The line with "Beim Reinkommen haben", the line with "Plus Size Skull", and all lines between them in the material below: return these exactly, and no others.

Top of Recorded information

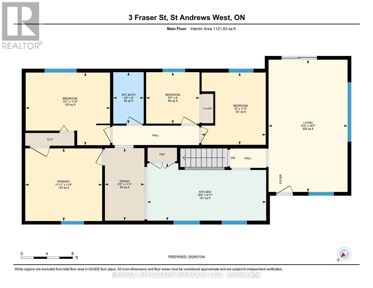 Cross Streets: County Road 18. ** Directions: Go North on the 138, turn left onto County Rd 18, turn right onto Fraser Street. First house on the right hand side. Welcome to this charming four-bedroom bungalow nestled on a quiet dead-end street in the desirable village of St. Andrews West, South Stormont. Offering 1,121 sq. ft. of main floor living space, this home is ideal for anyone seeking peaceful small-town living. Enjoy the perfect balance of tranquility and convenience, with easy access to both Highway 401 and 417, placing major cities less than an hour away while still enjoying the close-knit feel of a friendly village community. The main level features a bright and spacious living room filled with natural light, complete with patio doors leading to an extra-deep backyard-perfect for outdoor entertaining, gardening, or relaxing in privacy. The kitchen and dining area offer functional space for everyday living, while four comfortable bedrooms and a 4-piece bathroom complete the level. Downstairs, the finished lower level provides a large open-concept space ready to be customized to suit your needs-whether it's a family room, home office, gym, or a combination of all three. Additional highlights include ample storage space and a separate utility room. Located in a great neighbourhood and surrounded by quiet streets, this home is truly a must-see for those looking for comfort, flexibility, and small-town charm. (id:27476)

Bottom of Recorded information
Top of Recorded information

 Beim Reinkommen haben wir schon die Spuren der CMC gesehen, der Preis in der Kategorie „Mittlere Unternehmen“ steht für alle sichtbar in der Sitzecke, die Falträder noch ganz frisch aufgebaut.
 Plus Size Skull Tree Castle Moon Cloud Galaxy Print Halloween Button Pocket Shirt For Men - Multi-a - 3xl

Bottom of Recorded information

**Expected output**
 Beim Reinkommen haben wir schon die Spuren der CMC gesehen, der Preis in der Kategorie „Mittlere Unternehmen“ steht für alle sichtbar in der Sitzecke, die Falträder noch ganz frisch aufgebaut.
 Plus Size Skull Tree Castle Moon Cloud Galaxy Print Halloween Button Pocket Shirt For Men - Multi-a - 3xl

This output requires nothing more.